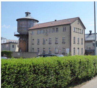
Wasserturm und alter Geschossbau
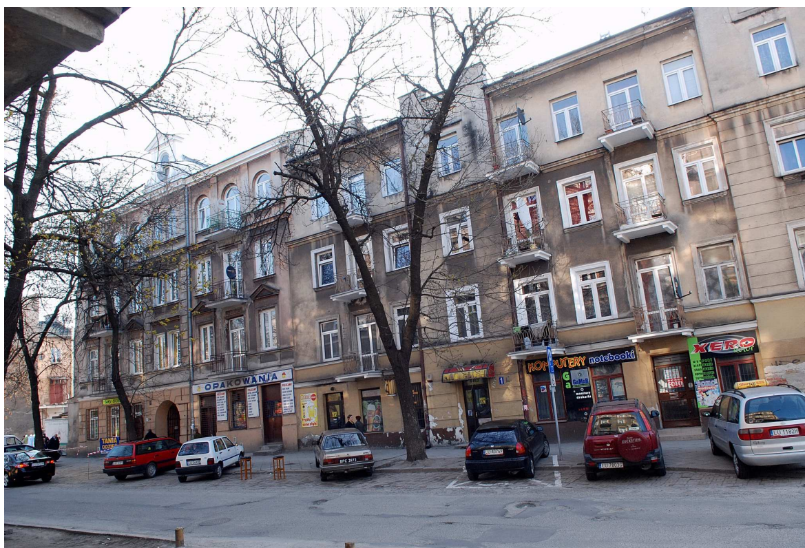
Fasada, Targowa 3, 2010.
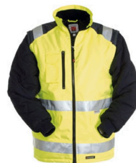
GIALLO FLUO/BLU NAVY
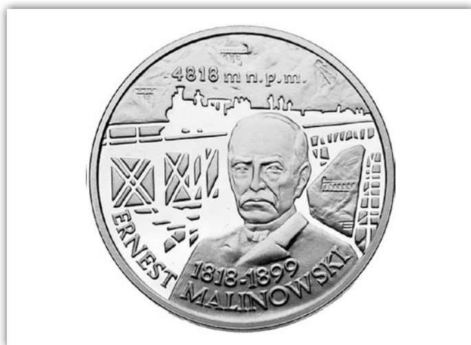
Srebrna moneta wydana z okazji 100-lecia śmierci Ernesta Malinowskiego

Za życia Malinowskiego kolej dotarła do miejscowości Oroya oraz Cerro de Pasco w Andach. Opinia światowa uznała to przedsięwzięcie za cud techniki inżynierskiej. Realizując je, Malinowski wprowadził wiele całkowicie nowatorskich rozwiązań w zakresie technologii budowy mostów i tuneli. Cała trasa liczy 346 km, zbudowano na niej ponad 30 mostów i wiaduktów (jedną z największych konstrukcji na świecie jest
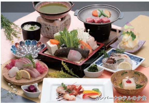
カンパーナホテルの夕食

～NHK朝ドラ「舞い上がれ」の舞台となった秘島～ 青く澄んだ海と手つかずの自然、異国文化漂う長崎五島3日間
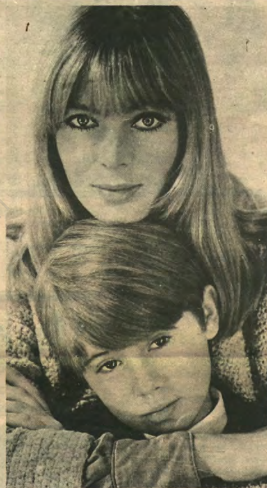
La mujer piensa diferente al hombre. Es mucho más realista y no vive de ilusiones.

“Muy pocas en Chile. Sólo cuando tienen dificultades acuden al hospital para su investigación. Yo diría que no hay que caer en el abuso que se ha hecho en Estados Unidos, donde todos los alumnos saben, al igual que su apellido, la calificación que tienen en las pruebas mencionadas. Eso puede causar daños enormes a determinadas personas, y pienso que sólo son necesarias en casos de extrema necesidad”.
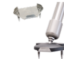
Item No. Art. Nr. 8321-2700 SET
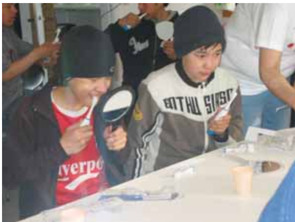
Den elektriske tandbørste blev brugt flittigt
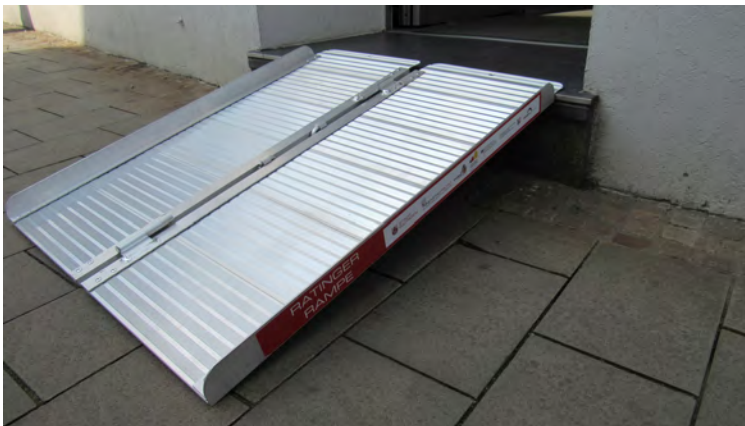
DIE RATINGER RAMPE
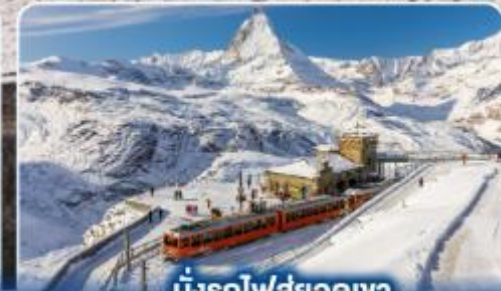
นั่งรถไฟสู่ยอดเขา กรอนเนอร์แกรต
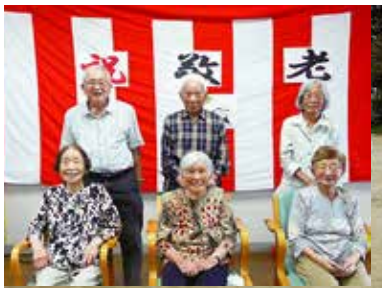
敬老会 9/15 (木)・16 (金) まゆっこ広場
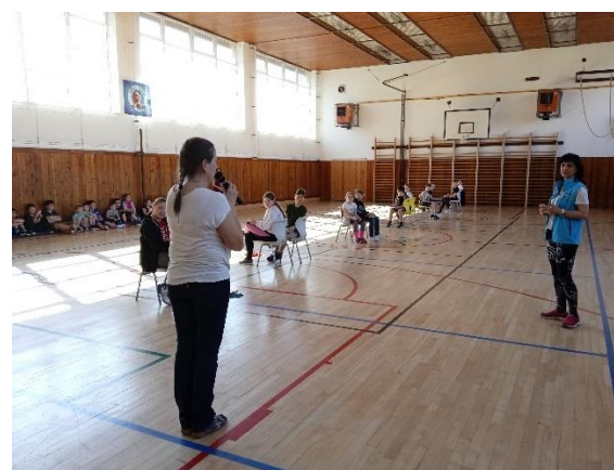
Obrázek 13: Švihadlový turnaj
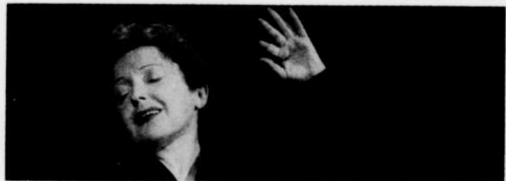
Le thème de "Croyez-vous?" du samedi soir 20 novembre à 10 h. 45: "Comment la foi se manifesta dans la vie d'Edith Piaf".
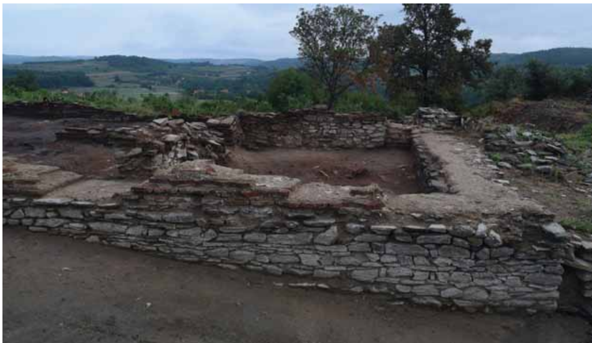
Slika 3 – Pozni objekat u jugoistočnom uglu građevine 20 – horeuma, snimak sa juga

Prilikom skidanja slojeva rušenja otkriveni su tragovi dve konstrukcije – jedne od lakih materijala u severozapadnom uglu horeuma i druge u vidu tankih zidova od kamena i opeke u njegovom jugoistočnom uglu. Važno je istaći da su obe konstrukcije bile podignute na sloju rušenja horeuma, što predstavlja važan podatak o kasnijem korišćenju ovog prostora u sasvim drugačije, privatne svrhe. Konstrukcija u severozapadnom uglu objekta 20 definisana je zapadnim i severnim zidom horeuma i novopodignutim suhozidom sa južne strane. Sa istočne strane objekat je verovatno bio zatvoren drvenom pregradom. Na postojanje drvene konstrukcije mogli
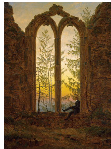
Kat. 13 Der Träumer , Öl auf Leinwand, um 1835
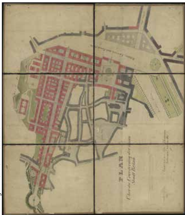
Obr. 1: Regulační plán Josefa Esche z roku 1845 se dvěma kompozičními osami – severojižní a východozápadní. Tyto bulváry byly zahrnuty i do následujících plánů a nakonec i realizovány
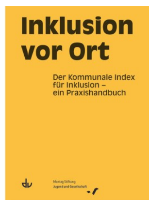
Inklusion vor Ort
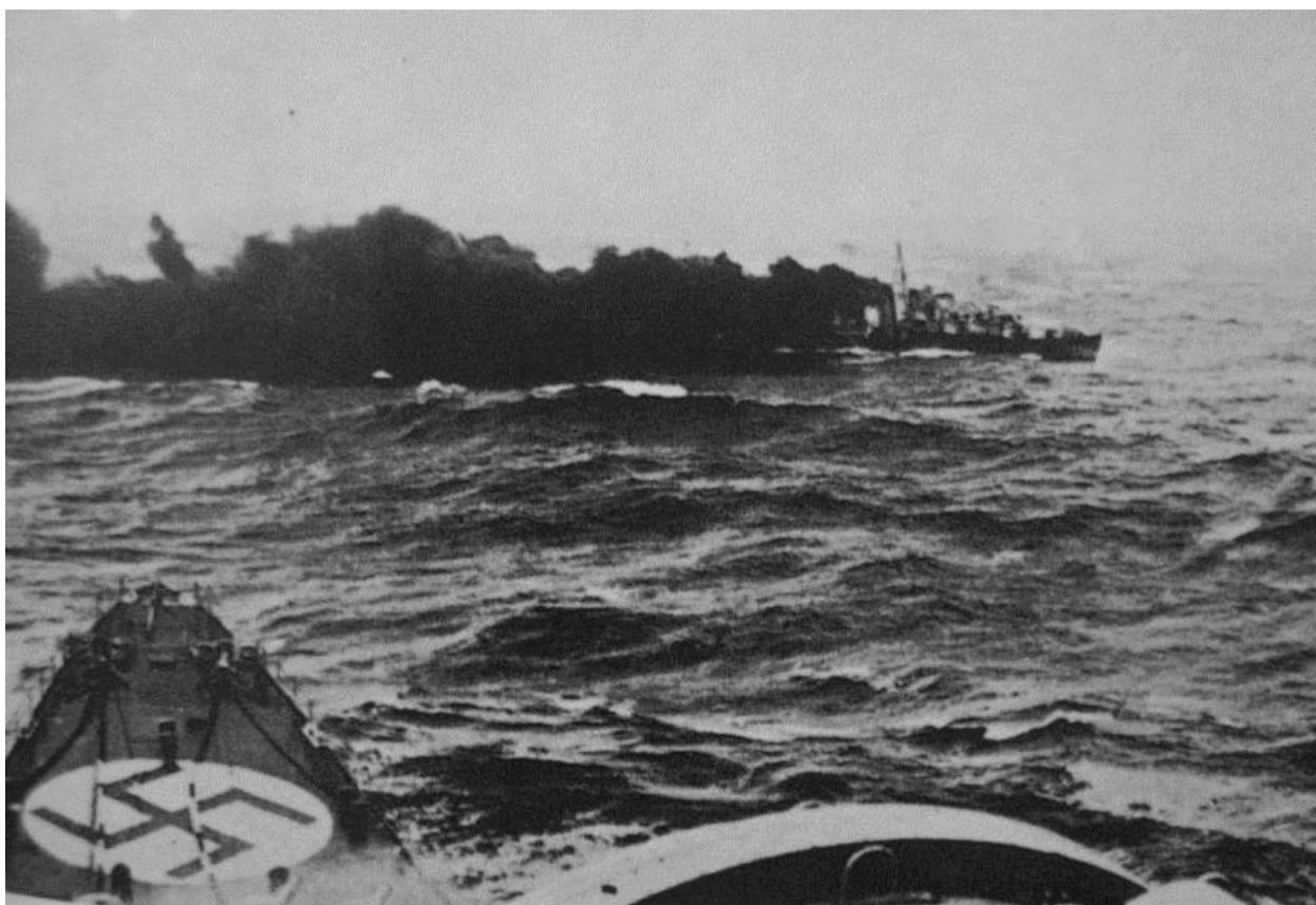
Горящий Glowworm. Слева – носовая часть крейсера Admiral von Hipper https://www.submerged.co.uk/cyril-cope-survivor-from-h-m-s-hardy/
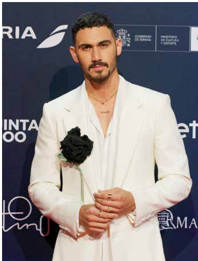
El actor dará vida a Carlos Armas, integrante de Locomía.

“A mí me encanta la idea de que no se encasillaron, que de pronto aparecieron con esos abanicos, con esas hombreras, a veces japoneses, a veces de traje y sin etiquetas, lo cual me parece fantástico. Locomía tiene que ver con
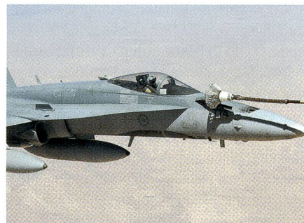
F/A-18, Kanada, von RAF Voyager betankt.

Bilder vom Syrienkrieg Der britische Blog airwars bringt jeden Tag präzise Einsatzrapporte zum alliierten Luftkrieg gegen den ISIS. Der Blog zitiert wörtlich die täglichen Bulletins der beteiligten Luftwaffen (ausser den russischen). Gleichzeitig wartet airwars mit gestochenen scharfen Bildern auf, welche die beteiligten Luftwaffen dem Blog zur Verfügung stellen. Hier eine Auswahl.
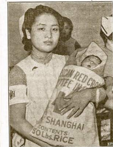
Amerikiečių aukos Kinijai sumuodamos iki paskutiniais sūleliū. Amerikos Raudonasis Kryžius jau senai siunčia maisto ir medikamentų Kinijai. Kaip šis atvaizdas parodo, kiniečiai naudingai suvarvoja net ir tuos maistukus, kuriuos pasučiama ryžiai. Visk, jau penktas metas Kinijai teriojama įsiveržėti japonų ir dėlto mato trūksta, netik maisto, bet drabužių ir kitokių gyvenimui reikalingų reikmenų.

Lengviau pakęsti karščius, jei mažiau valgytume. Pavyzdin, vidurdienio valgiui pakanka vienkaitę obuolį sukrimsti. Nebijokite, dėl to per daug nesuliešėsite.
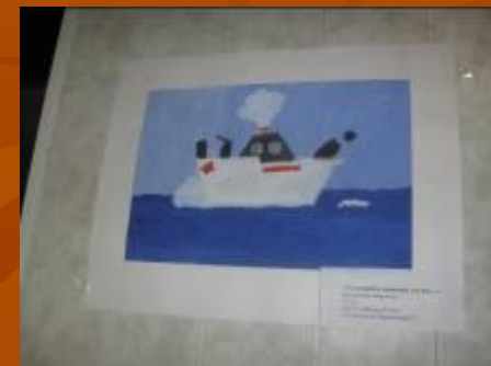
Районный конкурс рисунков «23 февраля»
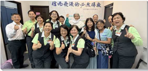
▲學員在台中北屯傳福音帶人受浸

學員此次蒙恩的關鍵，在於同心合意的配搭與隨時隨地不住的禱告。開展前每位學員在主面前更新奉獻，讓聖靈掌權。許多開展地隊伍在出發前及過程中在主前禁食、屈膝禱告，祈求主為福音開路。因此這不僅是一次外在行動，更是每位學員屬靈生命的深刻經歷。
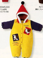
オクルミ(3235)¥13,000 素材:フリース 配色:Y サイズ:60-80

=== EXERCISE DESCRIPTION ===
Give back the full listing exactly as written, only without its pictures.

=== WRITTEN ANSWER ===
Wasserturm und alter Geschossbau
Fasada, Targowa 3, 2010.
GIALLO FLUO/BLU NAVY
Srebrna moneta wydana z okazji 100-lecia śmierci Ernesta Malinowskiego

Za życia Malinowskiego kolej dotarła do miejscowości Oroya oraz Cerro de Pasco w Andach. Opinia światowa uznała to przedsięwzięcie za cud techniki inżynierskiej. Realizując je, Malinowski wprowadził wiele całkowicie nowatorskich rozwiązań w zakresie technologii budowy mostów i tuneli. Cała trasa liczy 346 km, zbudowano na niej ponad 30 mostów i wiaduktów (jedną z największych konstrukcji na świecie jest
カンパーナホテルの夕食

～NHK朝ドラ「舞い上がれ」の舞台となった秘島～ 青く澄んだ海と手つかずの自然、異国文化漂う長崎五島3日間
La mujer piensa diferente al hombre. Es mucho más realista y no vive de ilusiones.

“Muy pocas en Chile. Sólo cuando tienen dificultades acuden al hospital para su investigación. Yo diría que no hay que caer en el abuso que se ha hecho en Estados Unidos, donde todos los alumnos saben, al igual que su apellido, la calificación que tienen en las pruebas mencionadas. Eso puede causar daños enormes a determinadas personas, y pienso que sólo son necesarias en casos de extrema necesidad”.
Item No. Art. Nr. 8321-2700 SET
Den elektriske tandbørste blev brugt flittigt
DIE RATINGER RAMPE
นั่งรถไฟสู่ยอดเขา กรอนเนอร์แกรต
敬老会 9/15 (木)・16 (金) まゆっこ広場
Obrázek 13: Švihadlový turnaj
Le thème de "Croyez-vous?" du samedi soir 20 novembre à 10 h. 45: "Comment la foi se manifesta dans la vie d'Edith Piaf".
Slika 3 – Pozni objekat u jugoistočnom uglu građevine 20 – horeuma, snimak sa juga

Prilikom skidanja slojeva rušenja otkriveni su tragovi dve konstrukcije – jedne od lakih materijala u severozapadnom uglu horeuma i druge u vidu tankih zidova od kamena i opeke u njegovom jugoistočnom uglu. Važno je istaći da su obe konstrukcije bile podignute na sloju rušenja horeuma, što predstavlja važan podatak o kasnijem korišćenju ovog prostora u sasvim drugačije, privatne svrhe. Konstrukcija u severozapadnom uglu objekta 20 definisana je zapadnim i severnim zidom horeuma i novopodignutim suhozidom sa južne strane. Sa istočne strane objekat je verovatno bio zatvoren drvenom pregradom. Na postojanje drvene konstrukcije mogli
Kat. 13 Der Träumer , Öl auf Leinwand, um 1835
Obr. 1: Regulační plán Josefa Esche z roku 1845 se dvěma kompozičními osami – severojižní a východozápadní. Tyto bulváry byly zahrnuty i do následujících plánů a nakonec i realizovány
Inklusion vor Ort
Горящий Glowworm. Слева – носовая часть крейсера Admiral von Hipper https://www.submerged.co.uk/cyril-cope-survivor-from-h-m-s-hardy/
El actor dará vida a Carlos Armas, integrante de Locomía.

“A mí me encanta la idea de que no se encasillaron, que de pronto aparecieron con esos abanicos, con esas hombreras, a veces japoneses, a veces de traje y sin etiquetas, lo cual me parece fantástico. Locomía tiene que ver con
F/A-18, Kanada, von RAF Voyager betankt.

Bilder vom Syrienkrieg Der britische Blog airwars bringt jeden Tag präzise Einsatzrapporte zum alliierten Luftkrieg gegen den ISIS. Der Blog zitiert wörtlich die täglichen Bulletins der beteiligten Luftwaffen (ausser den russischen). Gleichzeitig wartet airwars mit gestochenen scharfen Bildern auf, welche die beteiligten Luftwaffen dem Blog zur Verfügung stellen. Hier eine Auswahl.
Amerikiečių aukos Kinijai sumuodamos iki paskutiniais sūleliū. Amerikos Raudonasis Kryžius jau senai siunčia maisto ir medikamentų Kinijai. Kaip šis atvaizdas parodo, kiniečiai naudingai suvarvoja net ir tuos maistukus, kuriuos pasučiama ryžiai. Visk, jau penktas metas Kinijai teriojama įsiveržėti japonų ir dėlto mato trūksta, netik maisto, bet drabužių ir kitokių gyvenimui reikalingų reikmenų.

Lengviau pakęsti karščius, jei mažiau valgytume. Pavyzdin, vidurdienio valgiui pakanka vienkaitę obuolį sukrimsti. Nebijokite, dėl to per daug nesuliešėsite.
Районный конкурс рисунков «23 февраля»
▲學員在台中北屯傳福音帶人受浸

學員此次蒙恩的關鍵，在於同心合意的配搭與隨時隨地不住的禱告。開展前每位學員在主面前更新奉獻，讓聖靈掌權。許多開展地隊伍在出發前及過程中在主前禁食、屈膝禱告，祈求主為福音開路。因此這不僅是一次外在行動，更是每位學員屬靈生命的深刻經歷。
オクルミ(3235)¥13,000 素材:フリース 配色:Y サイズ:60-80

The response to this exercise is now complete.